Papeete : pourquoi y a-t-il toujours autant de SDF ?

Certains SDF se douchent dans la rue
Six mois après l’ouverture de Te Vai Ete Api, un centre de jour pour les sans abris, ils sont encore nombreux à faire la manche dans la capitale. 300 personnes stigmatisées par la société, que les associations peinent à réinsérer. Mais pourquoi ? Éléments de réponse avec Kaline Lienard et Jérôme Lee.

Se doucher à la vue de tous ou attendre 8h du matin à l’ouverture du centre. Un choix quotidien pour ces oiseaux de la rue comme les appelle Père Christophe. Des personnes souvent jugées par les regards des passants, sans qu'ils ne connaissent leur histoire. 

"Avant, on allait aussi se baigner au parc Bougainville. Heureusement qu’il y a le centre Te Vai Ete Api, donc du coup on peut se baigner le matin. Par contre le soir, il faut chercher un moyen pour se baigner", confie une jeune femme qui vit à la rue depuis des années. Elle a dû se prostituer pendant quatre ans pour survivre. "Il n'y avait pas d’autres moyens. Je savais qu'en ce temps-là, il y avait Père Christophe, il y avait le café et tout, du coup on allait se prostituer derrière."

Solidarité et courage 

Malgré les traumatismes de la vie, certains oiseaux prennent doucement leur envol. C’est le cas de Aute… "J’ai repris contact avec ma famille pour avoir une stabilité au niveau domicile. Donc j’ai pu me sortir de la rue et je me suis dit que j’allais me reprendre en main et suivre une formation. C'est le cas à ce jour.  Mais, je n’oublie pas mes amis de la rue, je viens toujours les voir et les encourager à se reprendre en main."
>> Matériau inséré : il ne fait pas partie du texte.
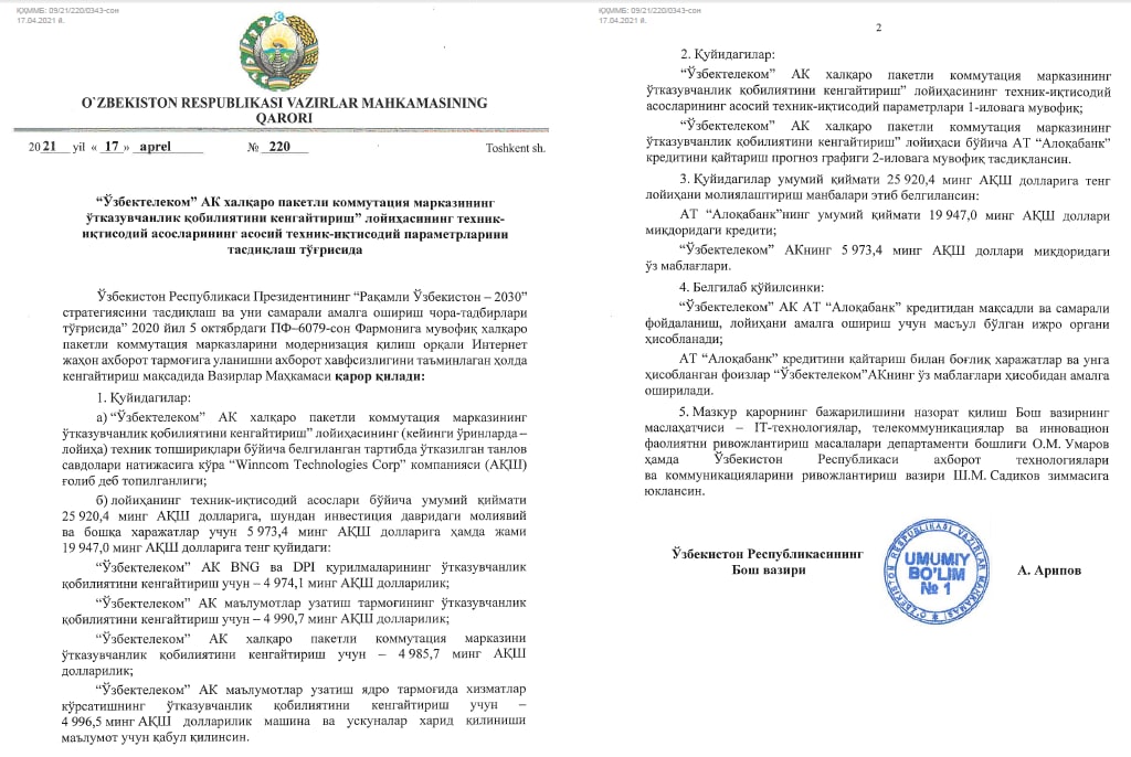 📶 Американская компания «Winncom Technologies Corp» стала победителем конкурса по расширению пропускной способности международного центра пакетной коммутации АО «Узбектелеком» (далее – Проект)
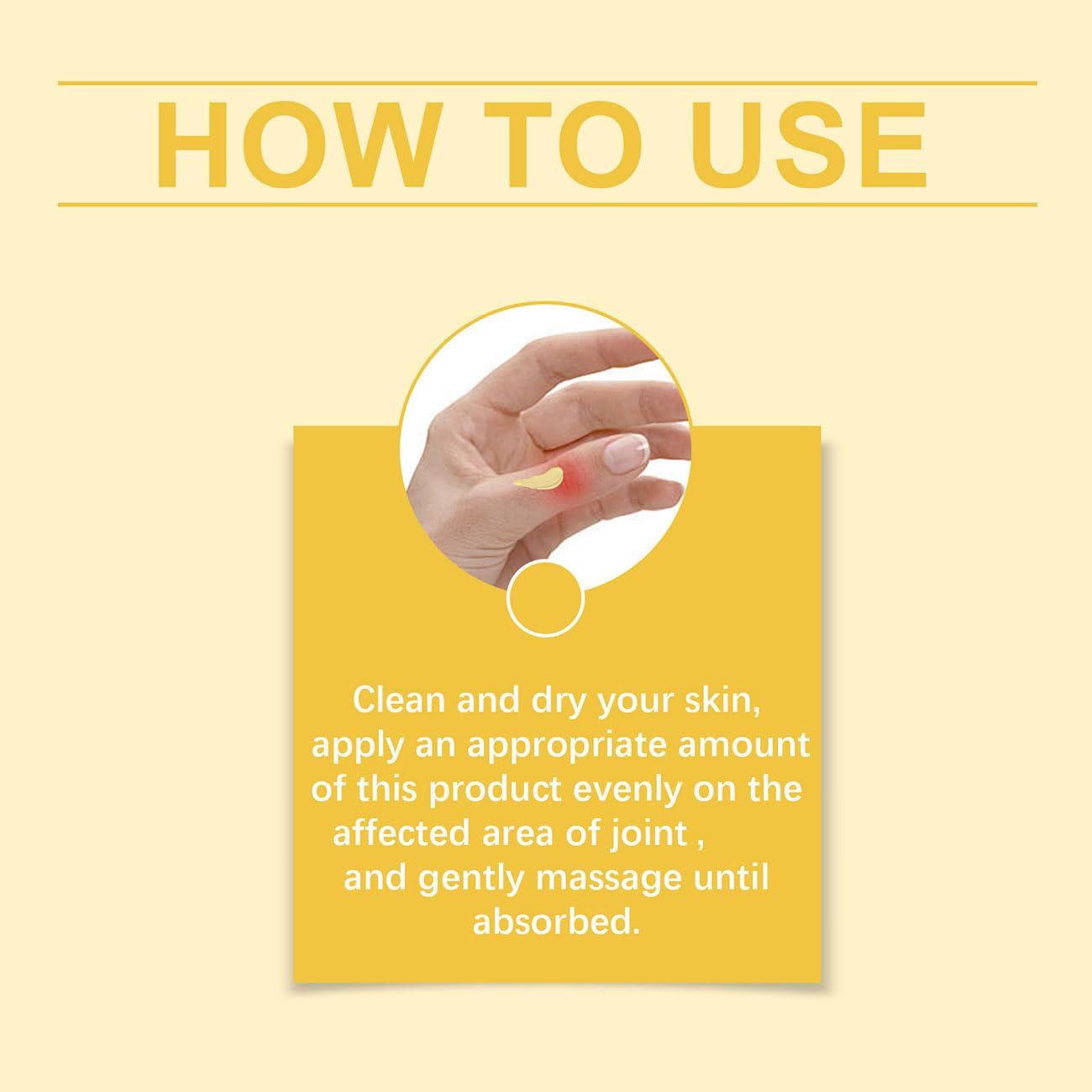- How To Use:First wash and dry the area you want to apply with clean water, then gently apply to the joints and massage for 1-2 minutes until it is fully absorbed
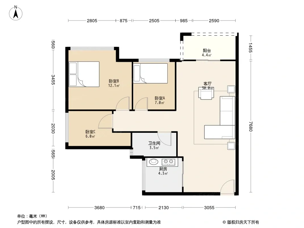 *获取完整户型报告,同时会有免费语音讲解服务
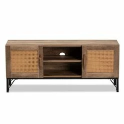 Grace your living room with the charming, Bohemian aesthetics of the Veanna TV stand. Made in China, this stunning piece combines synthetic rattan accents with a sturdy wood and metal frame for a tranquil, carefree display that exudes warmth. Two open shelves create a convenient display for media devices, while two additional shelves behind the doors offer secure storage space. Requiring assembly, the Veanna features a cord management hole on its back panel for quick and easy setup. An outstanding focal point with ample storage potential, the Veanna TV stand is a stylish solution to media organization…

La solidarité et le courage ont poussé Apetahi à s’inscrire au Hakathon, une initiative de l’association Te Torea. Depuis six mois, elle travaille mais cela ne suffit pas. "Les structures du gouvernement font qu'on va rester dans la rue. Les loyers sont très chers, si tu vas demander de l’aide à ISPF, c’est prioritaire plutôt à des familles. Et non pas à des couples homosexuels"

"On fait face à une administration qui est déconnectée de la réalité, et qui ne comprend pas que quand tu travailles avec des personnes dans la rue, tu peux pas monter un projet, pour le mettre en route six mois après."

Père Christophe

Ouvert il y a six mois à Mamao, le centre répond aux besoins urgents. Repas, machine à laver et sèche linge, douche d’eau chaude sont à disposition… Sans l'aide de Père Christophe, la vie serait plus difficile. "Je pense qu’on serait en prison, admet Scanos bien connu pour ses TikTok, Parce que les vols vont s’aggraver. Je remercie Père Christophe d’être là pour nous."

"C’est une ambiance beaucoup plus agréable, ils prennent soin du lieu parce qu’ils ont vraiment le sentiment que c’est chez eux. Et après il nous reste maintenant, pour nous, la partie la plus laborieuse : c’est d’essayer de mettre des formations en place. On fait face à une administration qui est déconnectée de la réalité, et qui ne comprend pas que quand tu travailles avec des personnes dans la rue, tu ne peux pas monter un projet, pour le mettre en route six mois après.", explique Père Christophe. 

Chaque mois, ils sont 300 à fréquenter ce centre. Mais il y a aussi les sans-abris qui meurent dans l’indifférence. Sept sont décédés dans la rue en 2023, et un papi de 66 ans est mort à Faa’a en ce début d’année. Cette structure est plus que nécessaire mais ne suffit pas à endiguer le problème. Aujourd’hui, le centre tente aussi d’obtenir une convention pour assurer un suivi médical et psychiatrique. Une trentaine de SDF sont diagnostiqués et suivis pour des troubles mentaux.